Quizás le había importado en algún momento, pero en aquel preciso instante…
—Bueno, pues a mí sí que me importa lo que pienses de mí. Me importa tanto que me he quedado en esta horrible fiesta solo por ti. Y me importa tanto que asistiré a mil más para poder pasar unas horas contigo siempre que no me mires como si no mereciese ni el polvo de tus zapatos.
Aquella declaración desarmó a Celaena. Tragó saliva. La cabeza le daba vueltas.
—Ya tenemos bastantes problemas con Doneval. No quiero pelearme contigo también —habría querido frotarse los ojos, pero habría estropeado el efecto de los cosméticos. Suspiró con fuerza—. ¿No podemos… divertirnos un poco ahora mismo?
Sam se encogió de hombros. Tenía la mirada sombría, los ojos brillantes.
—Si lo que quieres es bailar con ese tipo, adelante.
—No me refiero a eso.
—Entonces dime a qué te refieres.
Ella empezó a retorcerse los dedos, pero se detuvo.
—Mira —empezó a decir. La música estaba tan alta que le costaba oír sus propios pensamientos—. Yo… Sam, aún no sé cómo ser tu amiga. No sé cómo ser la amiga de nadie. Y… ¿No podemos hablar esto mañana?
Sam negó con la cabeza despacio. Por fin sonrió, pero no con los ojos.
—Claro. Si es que mañana te acuerdas de algo —se burló. Celaena se obligó a sí misma a esbozar una sonrisa a su vez. Él señaló el baile con la barbilla—. Ve a divertirte. Hablaremos por la mañana.
El chico se acercó a ella, como si fuera a besarla en la mejilla, pero al parecer se lo pensó mejor. Celaena no habría sabido decir si se había sentido decepcionada o no cuando Sam le apretó el hombro con ademán amistoso.

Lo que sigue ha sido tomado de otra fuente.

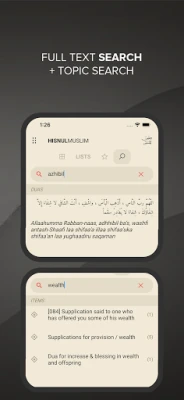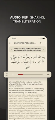 Haka kuma, an tanadi damar raba rubutun addu'a ko sautin ta tare da 'yan uwa da abokai. Sashin bincike mai zurfi zai baka damar nemo kowace addu'a cikin sauƙi, ko da kuwa ta hanyar taken ta ne, fassarar ta, ko ma ta rubutun ta na sauti. Kowane zikiri da addu'a tana da tushen ta bayyananne. Zaka iya ajiye addu'o'in da kake yawan karantawa ko waɗanda kake so a sashin ajiyar kayan da kake so (favorites) domin samun su da sauri. Manhajar ta kuma ƙunshi wani sashe na musamman don umra, inda aka tsara addu'o'in ta mataki-mataki. Banda haka, akwai Sunaye 99 na Allah (SWT) da kuma ƙarin karatu masu ilmantarwa don zurfafa fahimtar addini, suna jiran ka gano su.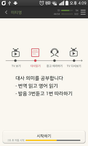 - 한 단원이 끝나면 자막없이 바로 미국 방송을 볼수 있습니다.

Tras eso, Sam se perdió entre la gente. Celaena se lo quedó mirando hasta que una joven la arrastró a un círculo de chicas que bailaban y la fiesta se apoderó de ella otra vez.

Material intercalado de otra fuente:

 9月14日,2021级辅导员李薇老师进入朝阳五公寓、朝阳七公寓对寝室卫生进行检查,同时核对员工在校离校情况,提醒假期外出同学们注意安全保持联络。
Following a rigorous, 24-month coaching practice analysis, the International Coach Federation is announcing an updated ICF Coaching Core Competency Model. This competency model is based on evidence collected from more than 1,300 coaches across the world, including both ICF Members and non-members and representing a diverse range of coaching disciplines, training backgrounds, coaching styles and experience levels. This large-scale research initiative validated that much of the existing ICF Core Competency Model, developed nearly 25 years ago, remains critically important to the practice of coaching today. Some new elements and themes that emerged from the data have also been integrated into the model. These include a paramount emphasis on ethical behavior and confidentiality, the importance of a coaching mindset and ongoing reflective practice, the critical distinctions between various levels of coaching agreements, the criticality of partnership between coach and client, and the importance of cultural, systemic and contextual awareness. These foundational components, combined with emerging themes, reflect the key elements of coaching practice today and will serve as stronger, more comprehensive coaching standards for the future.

El terrado de su nueva vivienda tenía vistas al río Avery, y Celaena se sentó al otro lado de la barandilla, con las piernas colgando. La piedra estaba fría y húmeda pero la lluvia había cesado durante la noche y los fuertes vientos habían empujado las nubes. En el cielo, las estrellas se apagaban y el cielo empezaba a iluminarse.
El sol asomó por el horizonte e inundó de luz el sinuoso cauce del Avery.

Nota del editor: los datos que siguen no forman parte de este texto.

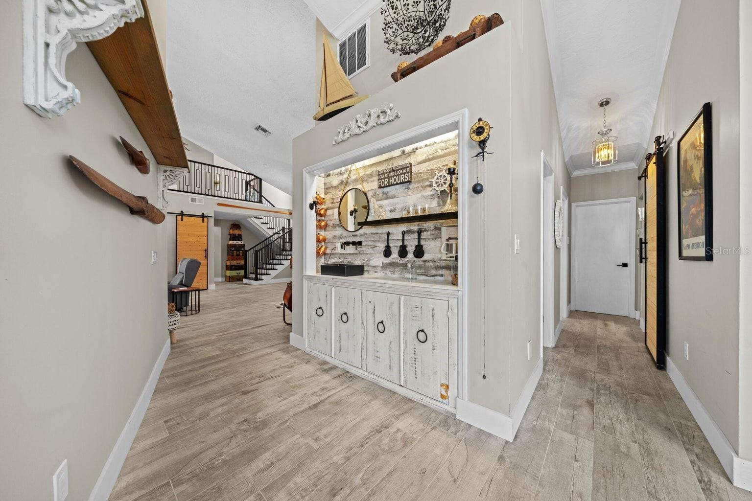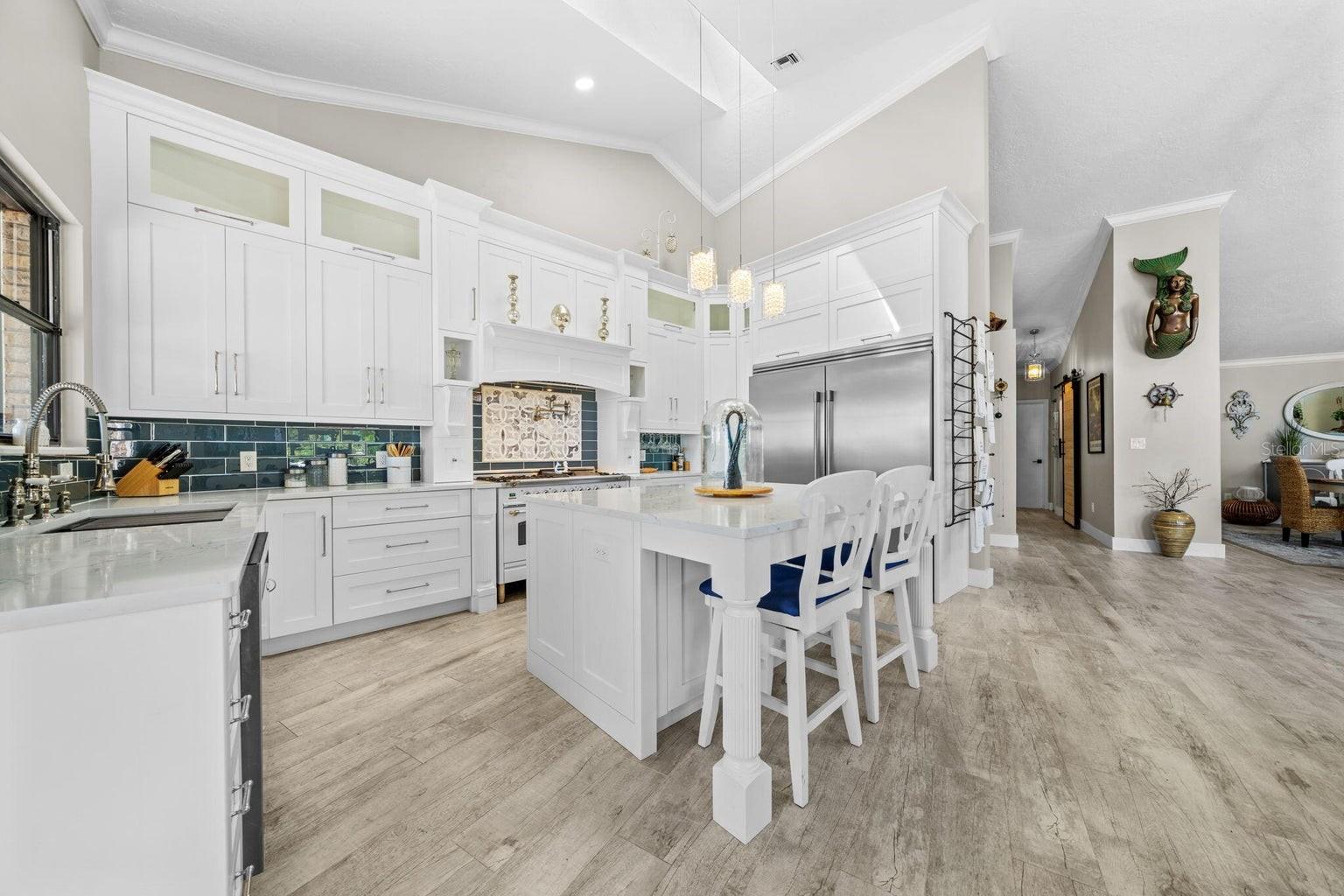 Estamos de volta e melhores do que nunca! Paredão totalmente novo, atualizações elegantes, acabamentos de alta qualidade! Esta linda casa à beira-rio exala uma atmosfera relaxante, mas opulenta, perfeita para entretenimento e vida cotidiana. Situada em quase meio acre de propriedade de primeira linha em South Merritt Island, esta casa de 3 quartos/3,5 banheiros fica a menos de 10 minutos de mais de 5 acessos gratuitos à praia. A remodelação recente apresenta melhorias mais recentes, como piso de porcelana Ashford, balcões de quartzo, eletrodomésticos de luxo, pintura interna nova, iluminação atualizada, produtos de banho contemporâneos, ferragens de porta atualizadas, lareira a gás e duas portas de celeiro chiques. Recursos adicionais desejáveis incluem duas docas (um elevador de 6.500 lb), uma doca para lançar caiaques e pranchas de remo, uma varanda com piscina e spa (nova bomba 2021), um telhado de telha de alumínio de 50 anos, cofre no chão do quarto, um novo A/ C, e persianas elétricas contra furacões. Mudança maravilhosa!

La capital empezó a despertar. Salía humo de las chimeneas, indicio de los primeros fuegos del día; los pescadores se gritaban unos a otros en los muelles cercanos; los niños corrían por las calles con haces de leña, periódicos o cubos de agua. Detrás de ella, el castillo de cristal titilaba con los primeros rayos de sol.
Celaena no había vuelto a su casa desde que la compró, a su regreso del desierto. Antes de subir al terrado, había dedicado unos minutos a recorrer las espaciosas estancias ocultas en el ático de un falso almacén. Nadie podía imaginar que allí se ocultaba la vivienda de Celaena. Además, el propio almacén contenía frascos de tinta, un bien que no despertaba precisamente el interés de los ladrones. Aquella casa era suya y solo suya. O lo sería, en cuanto le dijera a Arobynn que se marchaba. Algo que haría enseguida que el asunto de Doneval estuviera solucionado. O poco tiempo después. Quizás.
Celaena inhaló el aire húmedo de la mañana y dejó que la inundase. Sentada en la cornisa del tejado, saboreaba su propia insignificancia, apenas una mota en la inmensidad de la gran ciudad. Y sin embargo sentía que todo aquello estaba allí para ella si lo quería.
Sí, la fiesta había sido una delicia, pero en el mundo había otras cosas. Cosas más grandes y más hermosas, cosas reales. El futuro era suyo, y tenía tres cofres de oro escondidos en su dormitorio que lo materializarían. Podía elegir la vida que quisiese.
Celaena se echó hacia atrás y apoyó las manos en la piedra mientras se empapaba de aquella ciudad que empezaba a despertar. Y mientras la miraba, tuvo la maravillosa sensación de que la ciudad le devolvía la mirada.